The below is something I wrote for Cool Accidents, which is another, more reputable blog than my own.
In 1986, Paul Simon released Graceland, arguably the most important album of his career. Sure, Sound of Silence broke Simon & Garfunkel and Bridge Over Troubled Water sold 400 trillion units but Graceland was the record that demonstrated Simon as a musician capable of producing great songs in the absence of Art Garfunkel. Graceland was also famous for the scrutiny that Simon faced by virtue of his collaboration with South African musicians and recording in South Africa. Many believed that Simon had breached the UN imposed cultural boycott of all things Saffer but the UN soon delivered their official ruling that Simon “was a cool-guy and everyone else should just chill hey”.

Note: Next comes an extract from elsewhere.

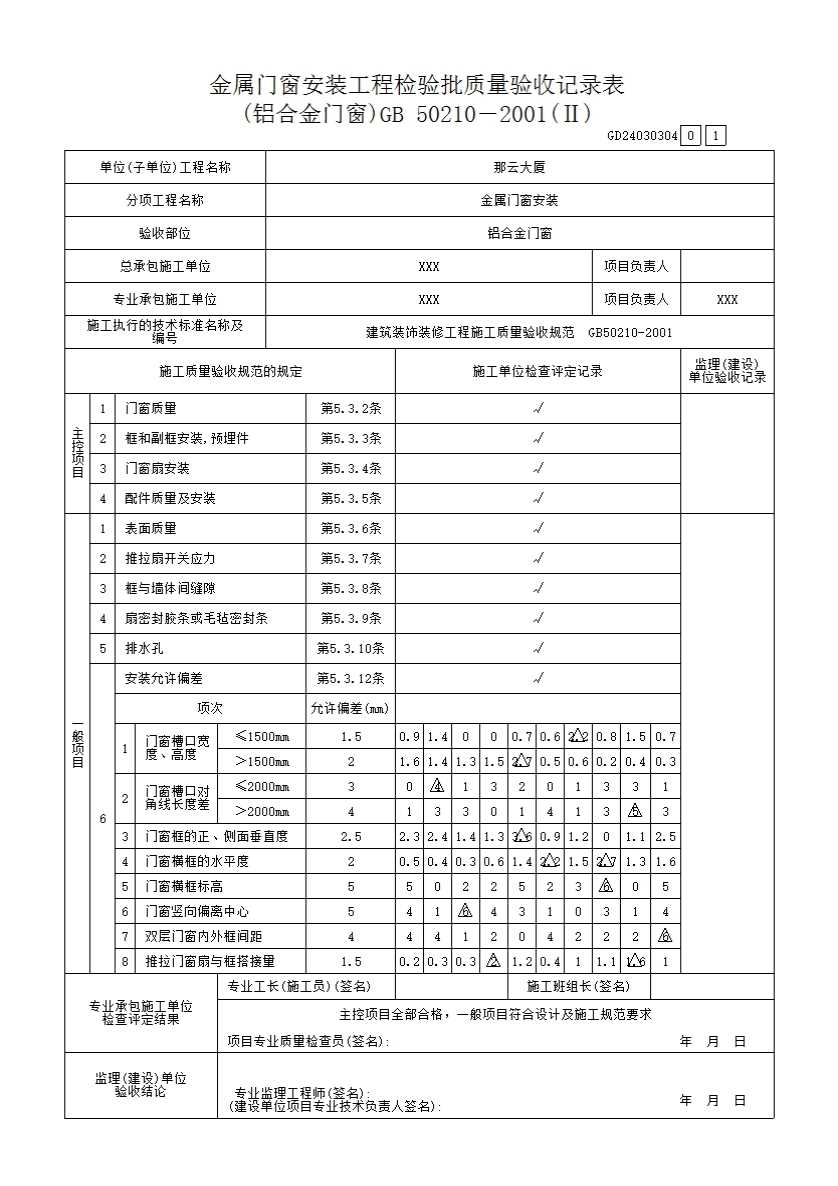 金属门窗安装工程检验批质量验收记录表(铝合金门窗)(Ⅱ)GD24030304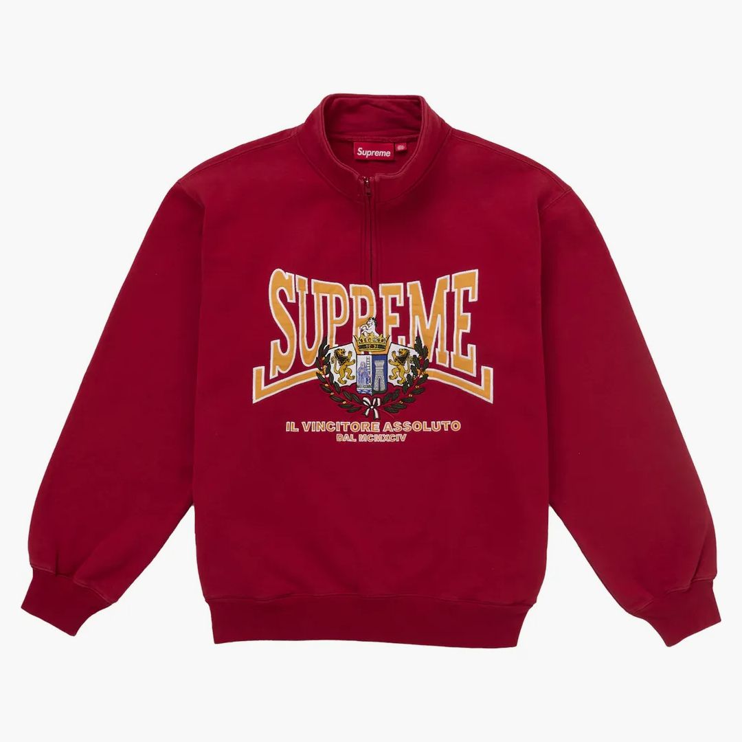 Ein Hauch von Streetwear-Ikone erwartet dich mit dem Supreme Crest Applique Half Zip Pullover in Rot. Bekannt für seine unvergleichliche Qualität und modische Innovation, bringt dieser Pullover Stil und Komfort in eine perfekte Harmonie. Das halbhohe Reißverschlussdesign sorgt für vielseitige Tragbarkeit, während die ikonischen Applikationen designt sind, um Bindungen zwischen Tradition und Moderne zu schaffen. An kühlere Tage gedacht, ist sein lebendiges Rot ein echter Hingucker, ideal für jedes urbane Abenteuer. Entdecke mit Supreme die Essenz von zeitlosem Design und topaktueller Fashion.Authenticity Guaranteed

Graceland won a Grammy for Album Of The Year while the track of the same name won Record Of The Year, and it’s that track that’s the basis for this post. ‘Graceland’ (track, not album) supposedly deals with Simon’s recent divorce and a cathartic roadtrip with his son to Elvis’ Graceland in Tenessee in the wake of the failed marriage. The verses are deep with heavy, downcast lyric (“She comes back to tell me she’s gone. As If I didn’t know that. As if I didn’t know my own bed.”) but the hope in the chorus is so inescapable that one can’t help but see the movement toward Graceland as redeeming pilgrimage. Anyway, speculative wankery aside, the track is unreal. Even if you don’t take the time to listen to the strangely diverse collection of covers below, at least revisit this classic track. Simon called it the best song he has ever written. 2011 is the 25th anniversary of the record so if you don’t already own it, maybe it’s time you took a good long look at yourself and thought about the way you’re living your life. Get it together.